INSTRUCTIONS FOR THE TASK:
Take the lines below beginning at the line that has "2018年6月4日，香港維多" and stopping after the line that has "Tiere: 3 Seehunde", and print them exactly as they are, with no other lines.

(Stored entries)
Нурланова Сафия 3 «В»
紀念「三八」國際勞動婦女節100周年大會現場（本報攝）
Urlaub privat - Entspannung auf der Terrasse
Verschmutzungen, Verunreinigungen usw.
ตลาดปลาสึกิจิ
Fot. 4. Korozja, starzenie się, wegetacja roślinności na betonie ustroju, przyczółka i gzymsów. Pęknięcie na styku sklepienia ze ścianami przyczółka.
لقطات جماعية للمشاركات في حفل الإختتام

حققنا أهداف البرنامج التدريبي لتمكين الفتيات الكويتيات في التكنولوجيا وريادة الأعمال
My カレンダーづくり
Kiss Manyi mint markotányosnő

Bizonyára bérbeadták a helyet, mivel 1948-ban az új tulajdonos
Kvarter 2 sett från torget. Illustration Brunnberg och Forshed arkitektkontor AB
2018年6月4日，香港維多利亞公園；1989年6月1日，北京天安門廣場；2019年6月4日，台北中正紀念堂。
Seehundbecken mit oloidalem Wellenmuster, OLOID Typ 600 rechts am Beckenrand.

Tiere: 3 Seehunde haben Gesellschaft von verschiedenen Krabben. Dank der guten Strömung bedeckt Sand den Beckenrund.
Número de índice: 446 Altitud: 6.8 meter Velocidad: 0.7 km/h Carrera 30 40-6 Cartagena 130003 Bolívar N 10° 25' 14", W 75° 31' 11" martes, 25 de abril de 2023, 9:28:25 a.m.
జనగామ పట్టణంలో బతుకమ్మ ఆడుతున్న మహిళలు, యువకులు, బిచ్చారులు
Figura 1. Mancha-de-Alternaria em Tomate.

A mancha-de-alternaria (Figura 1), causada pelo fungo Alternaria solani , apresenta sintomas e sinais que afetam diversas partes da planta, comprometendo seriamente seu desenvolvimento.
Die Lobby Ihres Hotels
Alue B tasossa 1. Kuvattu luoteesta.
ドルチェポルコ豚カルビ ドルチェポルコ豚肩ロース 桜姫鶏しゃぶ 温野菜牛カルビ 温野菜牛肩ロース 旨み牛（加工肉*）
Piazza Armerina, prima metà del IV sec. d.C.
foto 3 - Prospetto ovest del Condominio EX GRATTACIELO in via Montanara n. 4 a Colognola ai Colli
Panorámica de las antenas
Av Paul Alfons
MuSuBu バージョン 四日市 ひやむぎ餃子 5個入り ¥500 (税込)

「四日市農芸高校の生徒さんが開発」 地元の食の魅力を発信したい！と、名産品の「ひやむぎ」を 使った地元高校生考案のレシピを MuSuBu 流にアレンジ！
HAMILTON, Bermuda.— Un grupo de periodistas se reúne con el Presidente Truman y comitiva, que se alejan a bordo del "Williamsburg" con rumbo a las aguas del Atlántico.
==
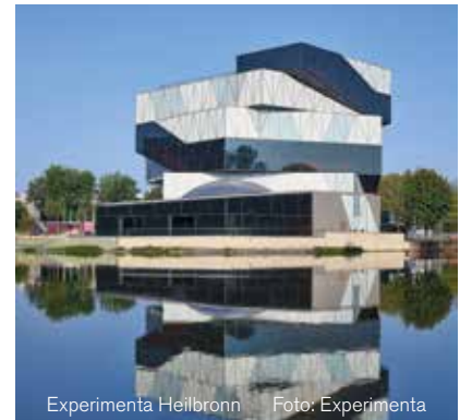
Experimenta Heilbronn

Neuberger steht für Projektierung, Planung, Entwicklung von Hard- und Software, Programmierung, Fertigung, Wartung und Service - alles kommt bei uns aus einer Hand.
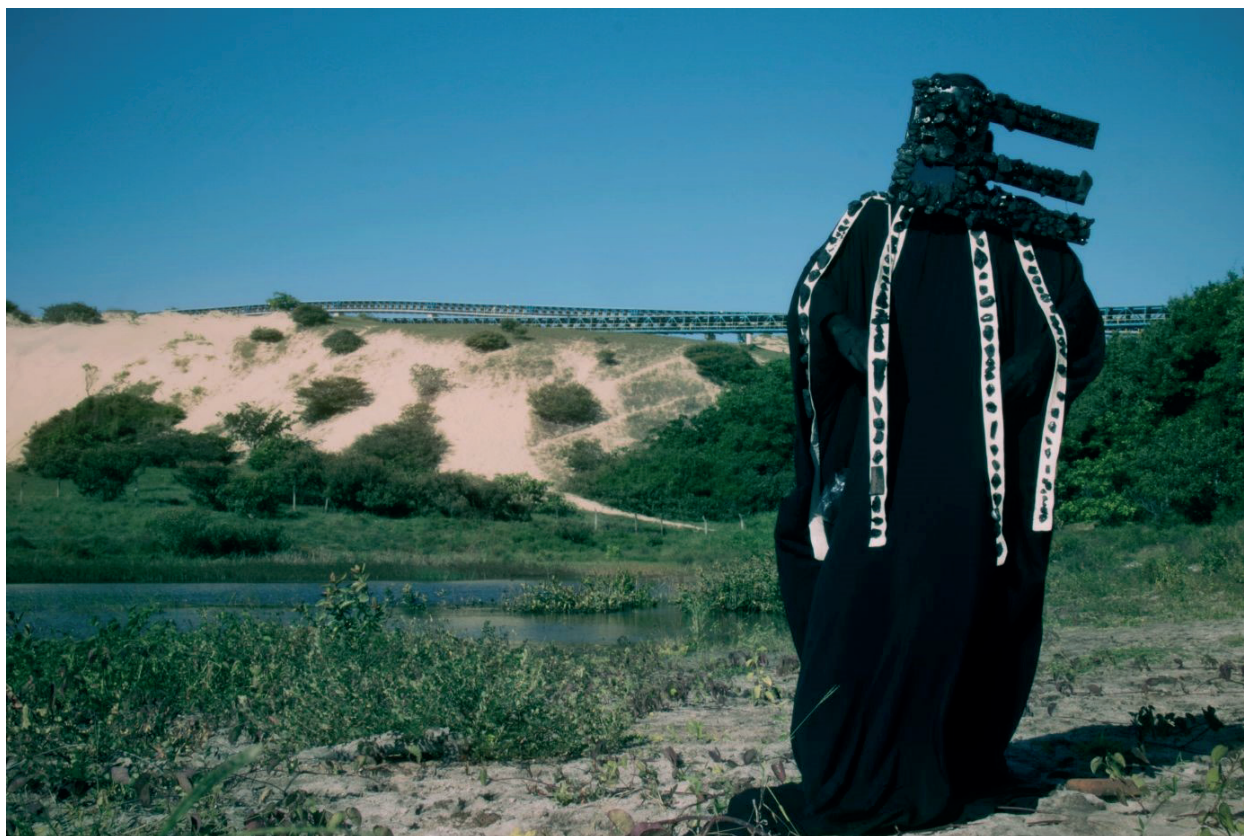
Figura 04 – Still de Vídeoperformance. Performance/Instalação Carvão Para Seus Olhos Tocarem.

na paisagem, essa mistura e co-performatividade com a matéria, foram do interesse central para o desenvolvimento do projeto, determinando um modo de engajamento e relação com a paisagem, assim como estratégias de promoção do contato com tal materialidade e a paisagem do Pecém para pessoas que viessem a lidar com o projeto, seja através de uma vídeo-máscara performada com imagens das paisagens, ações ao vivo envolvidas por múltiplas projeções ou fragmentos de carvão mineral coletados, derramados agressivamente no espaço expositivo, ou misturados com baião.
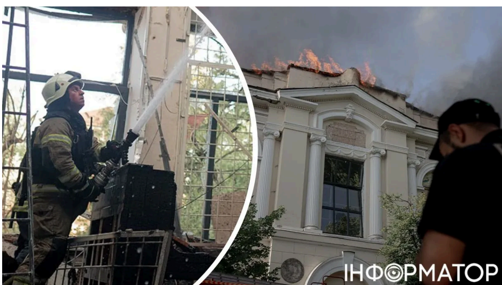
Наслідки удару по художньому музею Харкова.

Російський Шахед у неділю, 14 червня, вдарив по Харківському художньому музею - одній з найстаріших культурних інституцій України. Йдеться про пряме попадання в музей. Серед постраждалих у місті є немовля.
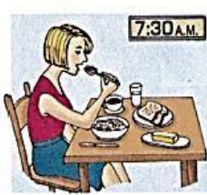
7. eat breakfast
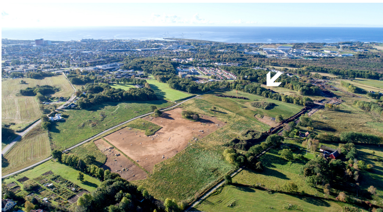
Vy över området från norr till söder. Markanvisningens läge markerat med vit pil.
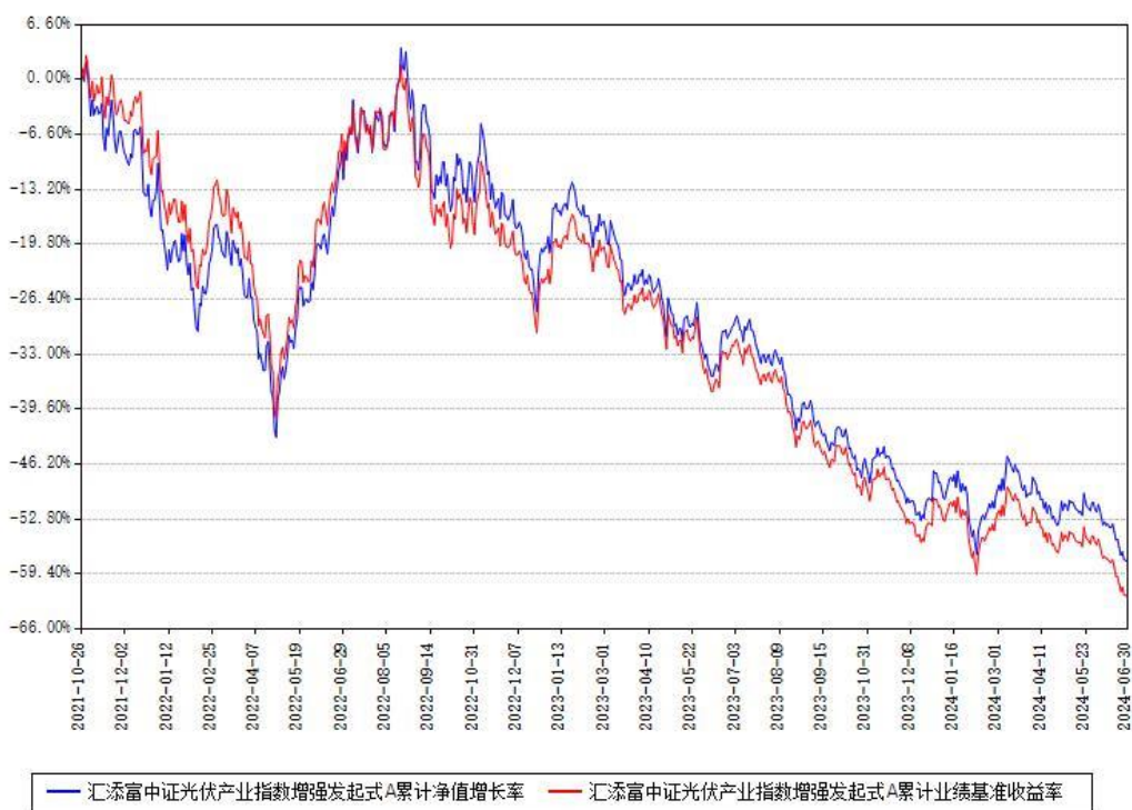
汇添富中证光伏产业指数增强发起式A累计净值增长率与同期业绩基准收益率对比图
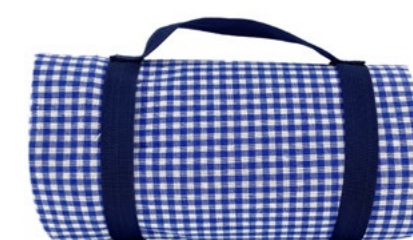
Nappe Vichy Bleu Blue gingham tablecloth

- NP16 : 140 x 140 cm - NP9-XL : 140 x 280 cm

ANSWER:
2018年6月4日，香港維多利亞公園；1989年6月1日，北京天安門廣場；2019年6月4日，台北中正紀念堂。
Seehundbecken mit oloidalem Wellenmuster, OLOID Typ 600 rechts am Beckenrand.

Tiere: 3 Seehunde haben Gesellschaft von verschiedenen Krabben. Dank der guten Strömung bedeckt Sand den Beckenrund.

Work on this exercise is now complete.